┌─ Information provided

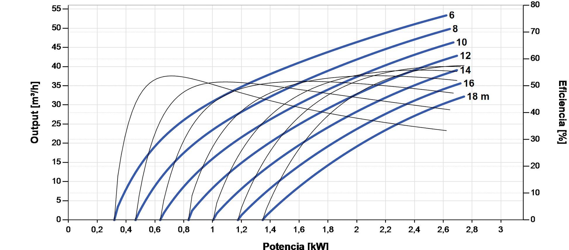 | Maximum flow / head | 53 m³/h / 18 m |
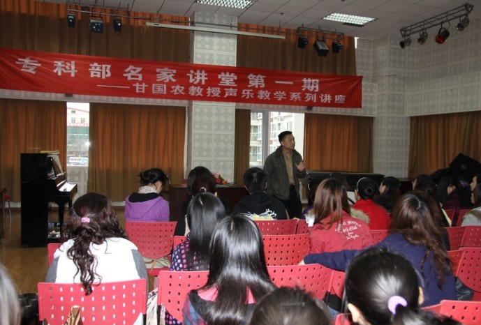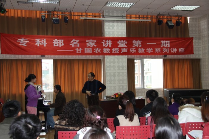 2011年4月8日下午2:30于琴房大楼二楼多功能厅,甘国农教授为专科部师生带来了一场生动活泼的声乐教学。 在讲座上,甘国农老师引经据典、因材施教,非常有针对性的对几位声乐示范学生进行了深刻的剖析,场内不时响起热烈的掌声,每个人都被甘老师精彩的教学所吸引。整场讲座进行了2个小时,取得了圆满成功。 讲座结束后我部领导进行了认真的总结并同广大师生交流此次讲座的心得和感受。 本次声乐讲座只是我部系列学术讲座的第一期。我部将秉着提高教师教学水平、开阔广大师生眼界、激发学生学习积极性的宗旨开展不同专业不同类别的专家讲学活动 !
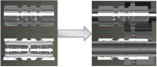 根據(jù)金屬力學(xué)特性和金屬塑性變形原理,將連接件主體與管道表面高強(qiáng)度壓合,實(shí)現(xiàn)純機(jī)械連接。首先,液壓工具推動(dòng)外套軸向向前擠壓,外套內(nèi)斜面對連接件主體向內(nèi)環(huán)形均勻擠壓,造成主體結(jié)構(gòu)塑性變形,外套自防脫結(jié)構(gòu)可以保持主體結(jié)構(gòu)永久不回彈。其次,主體內(nèi)部密封環(huán)均勻嵌入管體內(nèi)表面,同時(shí)主體內(nèi)表面也與管體表面壓接貼合,最終形成耐高壓抗振動(dòng)的高強(qiáng)度純金屬連接(圖 1)。
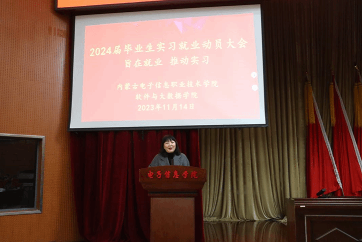 为扎实推进2024届毕业生实习就业工作,确保毕业生实习就业工作平稳有序开展,软件与大数据学院于11月14日召开2024届毕业生实习就业动员大会,进一步帮助同学们明确实习要求,把握实习方案,引导同学们做好实习前的各项准备,树立正确的就业观念,认清就业形势,把握就业机会,确保毕业生实习、就业工作的顺利展开。参加会议的有软件与大数据学院党总支书记杨志敏、院长白文荣、党总支副书记张志海、副院长王晓燕、副院长赵星,全体专任教师及2024届全体毕业生。
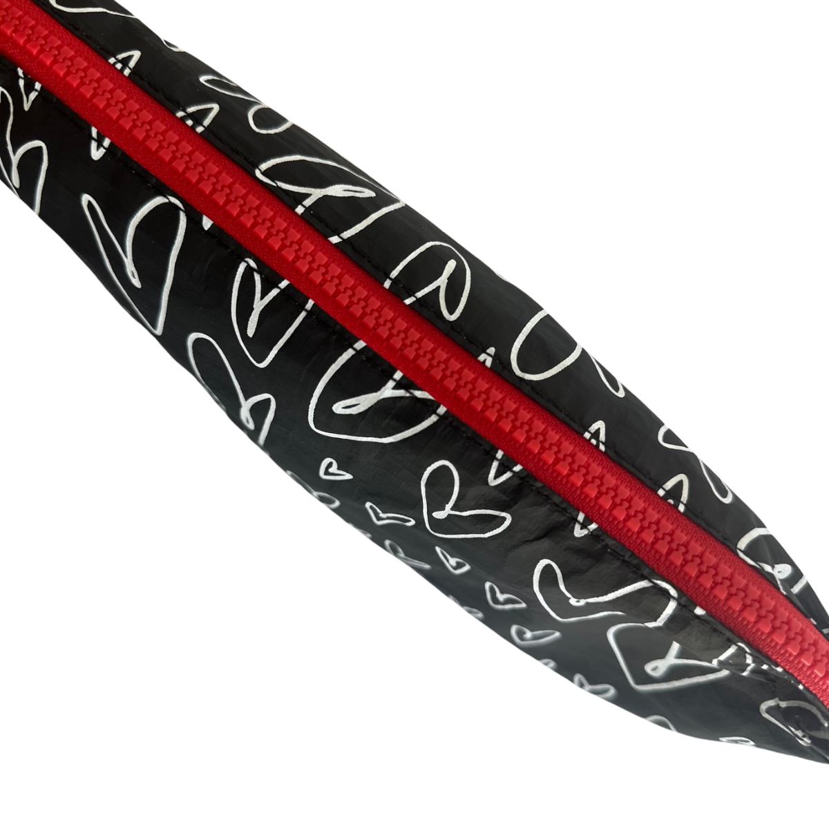 The Local Beach Love collection. A perfect gift for Valentine's day or just to send to the person you Love. Black ground with white hearts and a fire red zipper to tie it all together. This is the perfect organizer for your travel toiletries, make up, wet bikinis, snacks, pens & pencils and anything else you can think of that you want to pouch in your day to day lives. Beach ready, Sand Tested, and Stays More Dry.
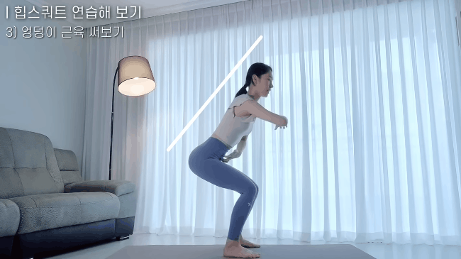 Tư thế đúng nhất là bạn phải giữ lưng thẳng xuyên suốt từ khi đứng thẳng đến khi hạ thấp trọng tâm. Như vậy động tác mới tác động trực tiếp vào mông và vòng 2 chứ không ảnh hưởng đến bắp đùi khiến đùi bị to.
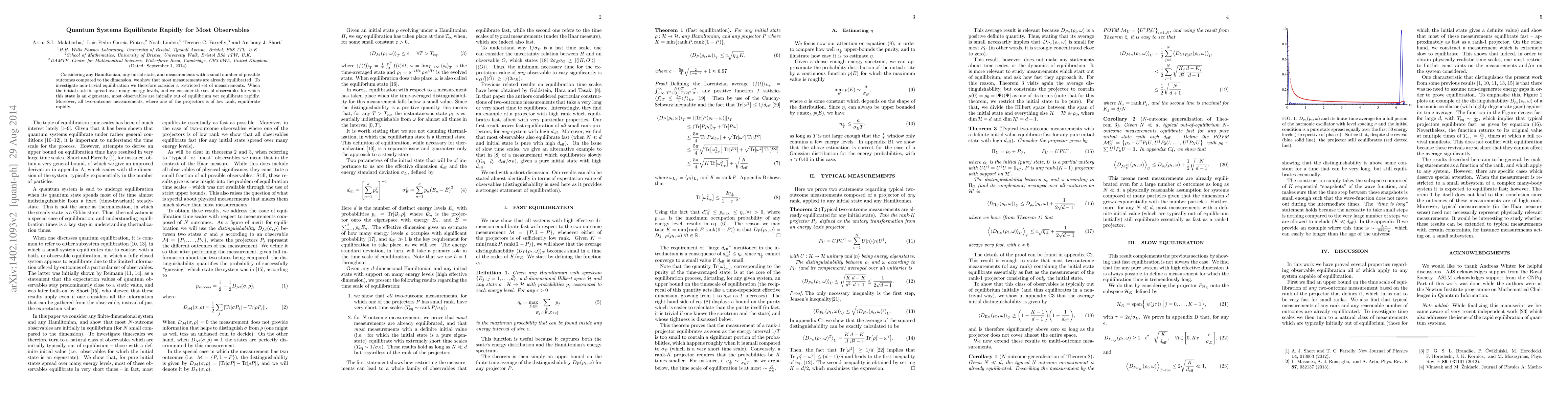 Considering any Hamiltonian, any initial state, and measurements with a small number of possible outcomes compared to the dimension, we show that most measurements are already equilibrated. To investigate non-trivial equilibration we therefore consider a restricted set of measurements. When the initial state is spread over many energy levels, and we consider the set of observables for which this state is an eigenstate, most observables are initially out of equilibrium yet equilibrate rapidly. Moreover, all two-outcome measurements, where one of the projectors is of low rank, equilibrate rapidly.
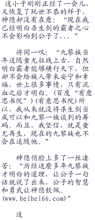 神隐感觉到了将闾的诚意,坦言道:“过去并不代表什么,这位姑娘虽然来自楼兰,但九黎一族已经远离故地,时间已经冲散了一切。将军手中的杀生剑,对九黎来说也只是一件圣物而已,就像是神隐斗篷和麒麟刺,它们虽然珍贵但也比不上我二十万的族人。现在是乱世,九黎族也要生存下去,所以,九黎一族可以和公子合作。
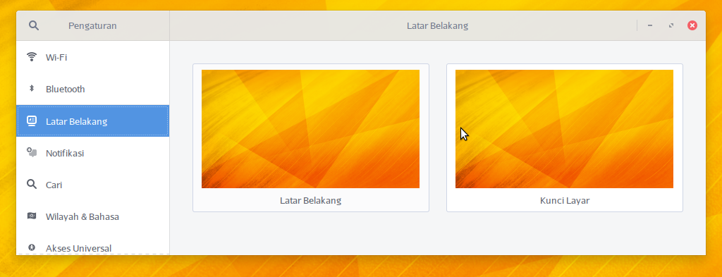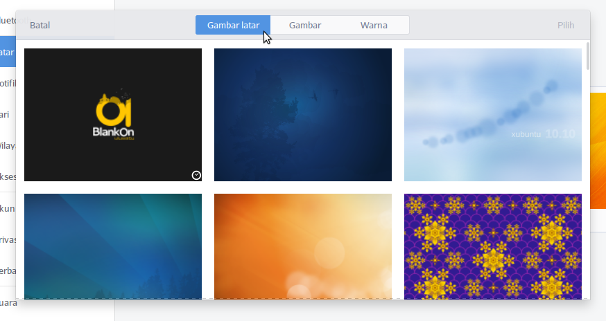 Untuk mengganti gambar Latar belakang dengan gambar tertentu yang sudah disediakan secara baku oleh BlankOn, klik Pengaturan => Latar Belakang, maka otomatis tampil jendela untuk mengatur Latar Belakang. Ada 2 (dua) menu, yaitu; Latar Belakang (background) dan Kunci Layar (lockscreen). Latar Belakang digunakan untuk mengatur gambar latar belakang pada destop, sedangkan Kunci Layar digunakan untuk mengatur gambar latar belakang ketika Anda mengunci komputer.
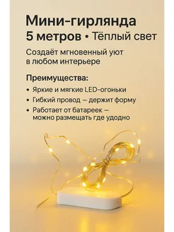 Новогодняя гирлянда на батарейках 5м
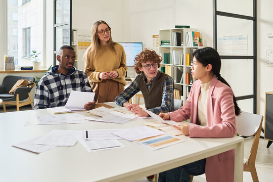 Group of diverse individuals engaged in studying foreign languages in modern classroom environment, reviewing documents and interacting with each other while seated around table
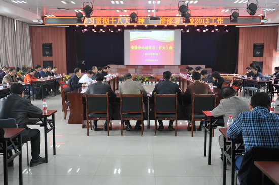 3月15日下午,党委中心组扩大学习会在思源楼萃文厅举行。本次学习的主题是:学习贯彻十八大精神,安排部署 学校2013年工作。校领导史百战、汪建华、郑伟强、杨扬、普登学,校长助理张焱出席学习会,校院两级中心组成员、全校副处级以上干部、正高职称人员共120余人参加了学习。学习会由史百战校长主持。

└─

Starting at the line above that holds "Новогодняя гирлянда на батарейках 5м", repeat every line exactly down to and including the line that holds "Group of diverse", then stop. Do not carry over any pictures.

→ **Exercise output**:
 Новогодняя гирлянда на батарейках 5м
 Group of diverse individuals engaged in studying foreign languages in modern classroom environment, reviewing documents and interacting with each other while seated around table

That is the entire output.